**Raw data**

__________

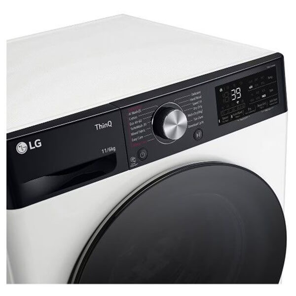 Δελτίο προιόντοςΠλυντήριο/Στεγνωτήριο της LG με χωρητικότητα 11/6 kg. Διαθέτει έξυπνη φροντίδα (AI DD) η οποία προσφέρει 18% μεγαλύτερη προστασία ρούχου. -Το AI DD παρέχει την βέλτιστη κίνηση πλύσης για την καλύτερη φροντίδα των ρούχων σας. -Το AI DD ανιχνεύει όχι μόνο το βάρος, αλλά και την απαλότητα του υφάσματος, και επιλέγει αυτόματα τις βέλτιστες κινήσεις για το ύφασμα. -Το TurboWash360? δίνει τη δυνατότητα να πλένετε τα ρούχα σας κανονικά σε μόλις 39 λεπτά, παρέχοντας ακόμα μεγαλύτερη προστασία στα υφάσματα. Ο ψεκασμός από τα πολλαπλά 3D ακροφύσια 4 κατευθύνσεων φθάνει σε κάθε σημείο των ρούχων σας. -Η τεχνολογία LG Steam αφαιρεί το 99,9% των αλλεργιογόνων, όπως τα ακάρεα σκόνης που προκαλούν αλλεργίες ή αναπνευστικά προβλήματα. -Το συνδυασμένο πλυντήριο-στεγνωτήριο της LG είναι μια από τις κορυφαίες τεχνολογίες οικιακών συσκευών της εταιρείας. Με τη βοήθειά του εξοικονομείτε χώρο στο σπίτι σας, αλλά και πολύτιμο χρόνο για να ασχοληθείτε με την οικογένειά σας. -Κομψή πόρτα από ανθεκτικό, ενισχυμένο γυαλί και ανθεκτικό ανυψωτικό κάδου από ανοξείδωτο χάλυβα που πληροί τα απαραίτητα επίπεδα υγιεινής. -Χάρη στην τεχνολογία LG ThinQ, μπορείτε να ελέγχετε το πλυντήριο-στεγνωτήριο από απόσταση και να κατεβάζετε πρόσθετα προγράμματα πλύσης από την εφαρμογή. Μπορείτε εύκολα να συνδεθείτε στη συσκευή μέσω Wi-Fi και να αποκτήσετε πρόσβαση στις πιο ενημερωμένες εξελίξεις. Χαρακτηριστικά Είδος: Πλυντήριο/Στεγνωτήριο.Τύπος Φόρτωσης: Eμπρόσθιας Φόρτωσης.Τοποθέτηση: Ελεύθερο.Χωρητικότητα πλύσης: 11 kg.Χωρητικότητα στεγνώματος: 6 kg.Τάξη Ενεργειακής Απόδοσης: D.Μοτέρ: Inverter Direct Drive.Στροφές: 1400/1200/1000/800/400/No Spin.Kατανάλωση ενέργειας ανά 100 κύκλους (Πλύση): 47 kWh.Kατανάλωση νερού ανά κύκλο (Πλύση): 52 lt.Kατανάλωση ενέργειας ανά 100 κύκλους (Πλύση κα στέγνωμα): 308 kWh.Kατανάλωση νερού ανά κύκλο (Πλύση κα στέγνωμα): 90 lt.Εκπομπές αερομεταφερόμενου ακουστικού θορύβου (φάση στυψίματος): 71 dBA.Θερμοκρασίες: Κρύο/20/30/40/60/95?.Τύπος Οθόνης: LED, αφής.Σύνδεση: Wi-Fi.Έξυπνα χαρακτηριστικά: Τεχνολογία LG ThinQ, Απομακρυσμένη εκκίνηση, Smart Diagnosis, Κατέβασμα προγραμμάτων.Προγράμματα: Βαμβακερά, Eco 40-60, Συνθετικά, TurboWash 39, Μεικτά, Φροντίδα Αλλεργιών (πλύση), Γρήγoρo 14', Eυαίσθητα, Ξέβγαλμα+Στέγνωμα.Επιπλέον Επιλογές: Πρόπλυση, Τεχνολογία Ατμού, Χρονοκαθυστέρηση, TurboWash, Κλείδωμα για παιδιά, Ξέβγαλμα, Ενεργοποίηση / απενεργοποίηση βομβητή.Υπόλοιπα χαρακτηριστικά: Τεχνολογία AI DD, Τεχνολογία Steam, TurboWash360?, Ηχητική ειδοποίηση στο τέλος του προγράμματος, Αναγνώριση Φορτίου, Τύμπανο από Ανοξείδωτο Χάλυβα.Διαστάσεις (ΠxYxΒ): 600 x 850 x 565 mm.Βάρος: 70 kg.Εγγύηση: 2 χρόνια.
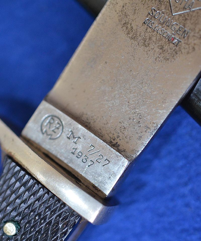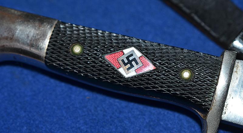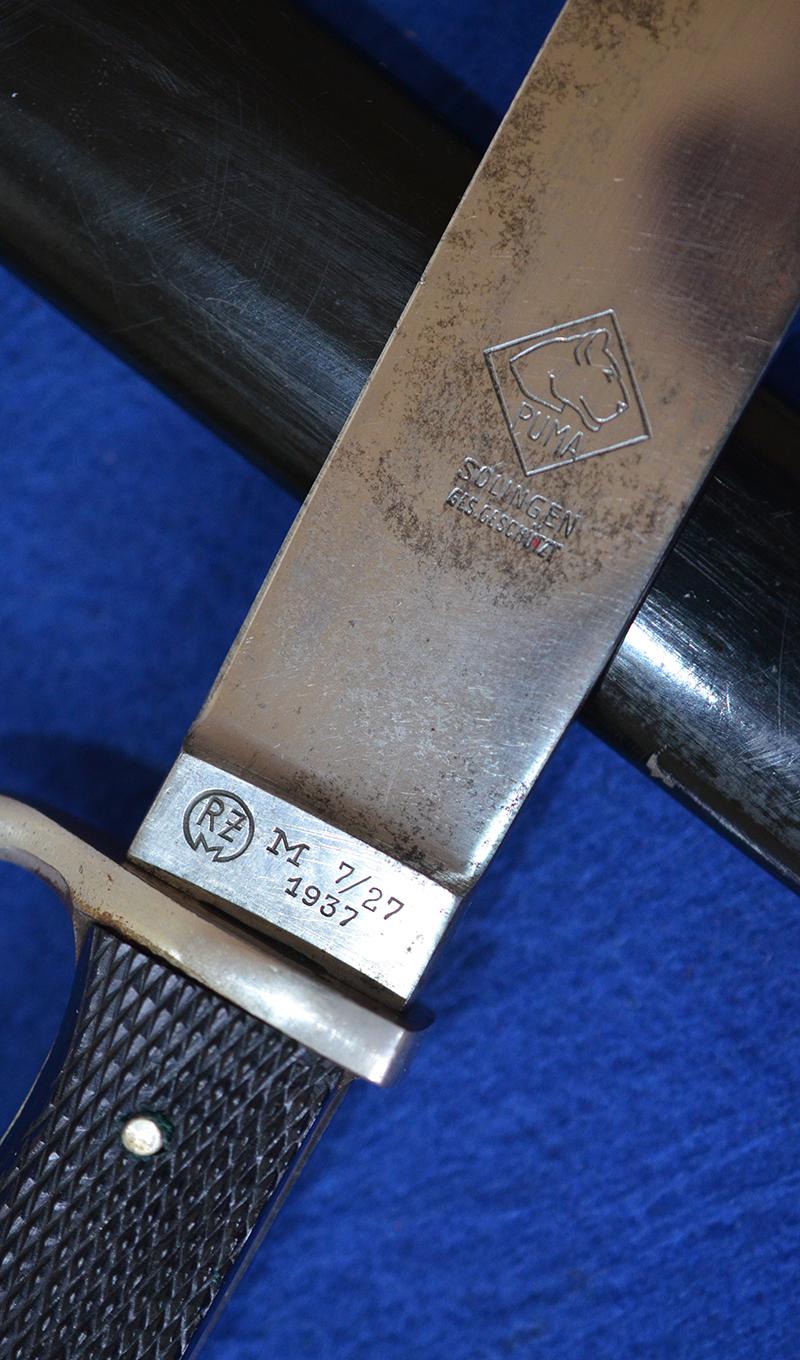 The black celluloid grip plates are in perfect condition, the obverse side is fitted with enamel HJ diamond badge which is in mint condition. The silver plating to the hilt is in perfect condition with just some wear to the pommel from rubbing of the grip strap over many years. The blade features the HJ motto to the obverse side and the reverse side is maker marked, Puma Solingen Ges Gesch with there trade mark of the head of a large cat, the knife is also marked, RZM M73/27 1937, there are a few minor age marks to the blade but over all it is still very nice. Black painted scabbard fitted with black leather belt loop, the grip retaining strap is unusual as it is fitted with a buckle rather than the standard popper button, almost certainly an alteration by the original owner and which is an unusual and interesting feature to see. Exc++
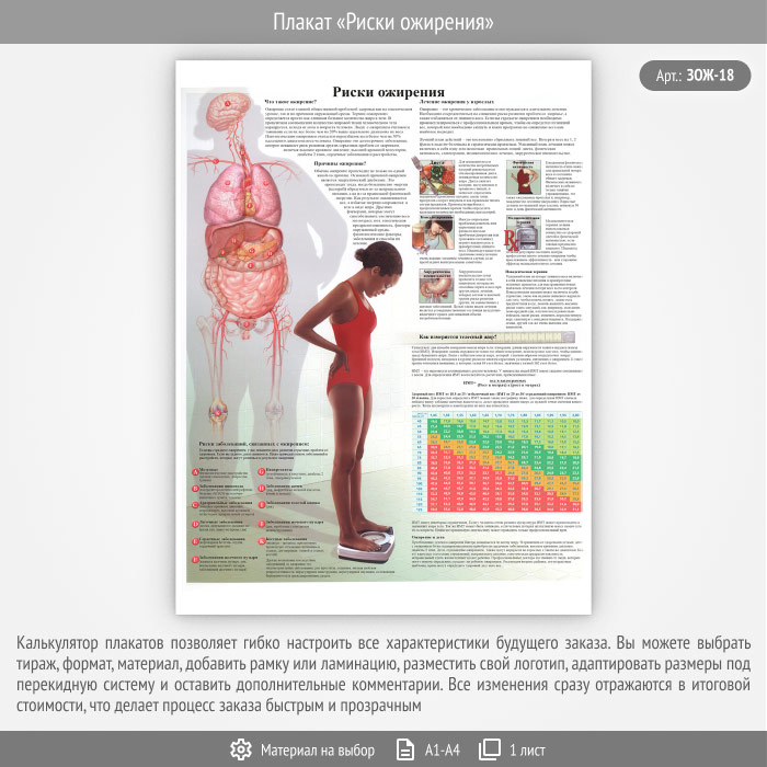 Плакат «Риски ожирения» (ЗОЖ-18, 1 лист) в Кызыле купить

__________

**Work request**
Leave out the pictures, and retype exactly the lines from the one containing "The black celluloid" through the final line of the data.

**Response to the task**
 The black celluloid grip plates are in perfect condition, the obverse side is fitted with enamel HJ diamond badge which is in mint condition. The silver plating to the hilt is in perfect condition with just some wear to the pommel from rubbing of the grip strap over many years. The blade features the HJ motto to the obverse side and the reverse side is maker marked, Puma Solingen Ges Gesch with there trade mark of the head of a large cat, the knife is also marked, RZM M73/27 1937, there are a few minor age marks to the blade but over all it is still very nice. Black painted scabbard fitted with black leather belt loop, the grip retaining strap is unusual as it is fitted with a buckle rather than the standard popper button, almost certainly an alteration by the original owner and which is an unusual and interesting feature to see. Exc++
 Плакат «Риски ожирения» (ЗОЖ-18, 1 лист) в Кызыле купить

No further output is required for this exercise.